Certainly I'm willing to engage with myths, fantasy, folklore, and even science fiction. Certainly I'm willing to give a storyteller time to gather threads and ideas together, to take a couple of deep breaths, clear her throat, set some scenes, take a slow road to wherever she's going. But I am not a man of infinite patience, either, which is likely a personal shortcoming I should overcome. Still, I have my limits.

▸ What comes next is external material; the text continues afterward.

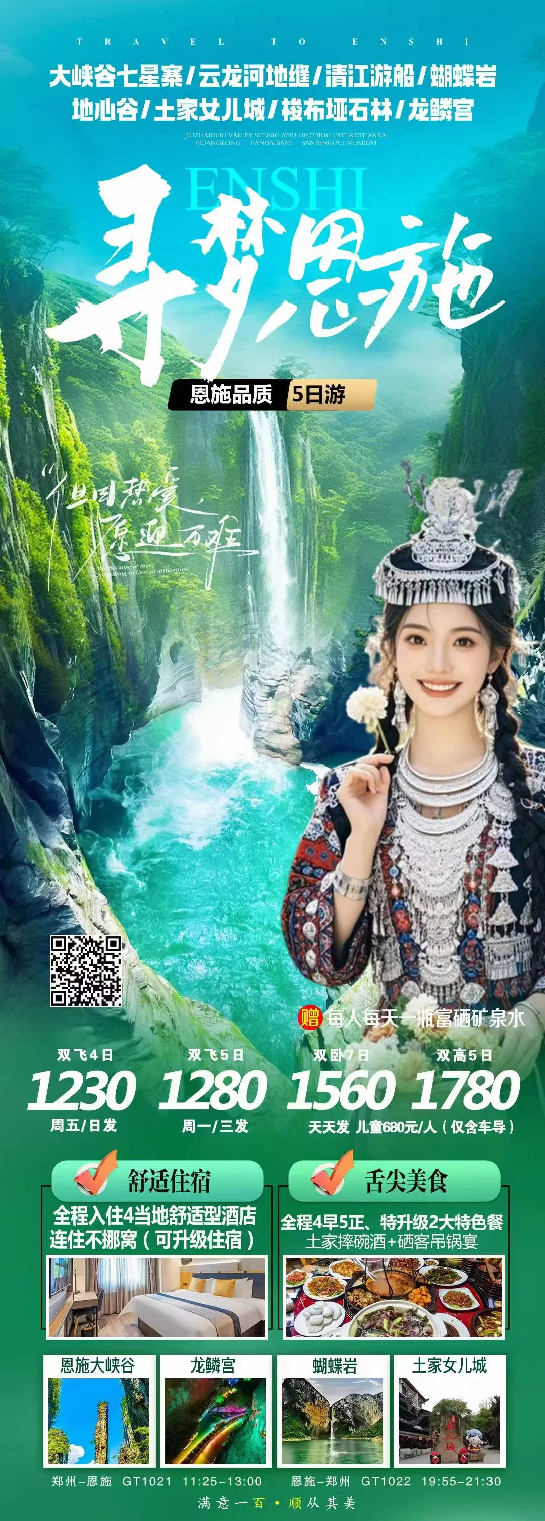 【寻梦恩施】郑州->恩施,航班特价双飞游,每位4日(1230元)周五、日发团/5日(1280元)周一、三发团,火车双卧7日1560元/高铁1780元天天发

I wonder if those limits are going to be tested by the television adaptation of Neil Gaiman's
American Gods. I admit right off that it's a novel I was unable to finish; I abandoned it around a hundred pages in, making it one of only two novels I've abandoned in the last twenty years (or even longer, maybe). The other novel, in case you wonder, is Jonathan Franzen's
Freedom. I like what Gaiman does with ideas of the superimposition of the supernatural with the natural, and he has some attractive cliches involving sympathetic underdogs that he leans on quite often, but I think Mr Gaiman's prose rather stinks, so I can't read him. I've been willing to watch adaptations of his work, because I expect far less from television and the cinema than I expect from a novel. I'm a prig that way. I'm not ashamed of it.
Despite my low standards for televised fare, I worry. Mighty Reader and I have only watched the first episode of
American Gods and so far, I must say that the show has attempted to substitute spectacle for storytelling. It's been a vibrant hash of sex, violence, foul language and blood (no human body contains as much blood as goes spurting out in this show). The makers of this version of
American Gods seem to be trying too hard to catch our attention by shifting the rules of reality every two minutes and shocking us with violence. The problem is, of course, that so much violence really just benumbs the viewer, and questions about why all of the violence are not asked. Shadow Moon, the protagonist, never asks why the five faceless robot guys are beating the crap out of him. Shadow Moon, the protagonist, has so far been a confused puppet who seems alternately bored and cranky, but essentially unreactive to his own life as it happens. Maybe that's deliberate, although my intuition tells me that his character is simply being ignored by the producers while they focus on displaying high-contrast violence and sex to the viewer. Sort of trapping the viewer into both the ugliness of the real world and the ugliness of a Game of Thrones world at the same time. All, so far, to no real purpose.
But we'll keep watching, with the hopes that something will happen in the way of story and character. Gaiman has a sort of Dickens-in-miniature way with character, if he's allowed. If the makers of the show can get beyond the idea of a circus of set-pieces,
American Gods might be worth watching. We'll see.
Meanwhile, I am working on the storytelling in one of my own novels,
Go Home, Miss America, as I prepare it for submission to a scrappy little publisher in a couple of weeks. I am thinking of ways to bring the inner life of one main character more to the fore in the second half of the book. It's enjoyable work, this storytelling stuff. Far more enjoyable than the month-plus I recently spent hammering the prose around.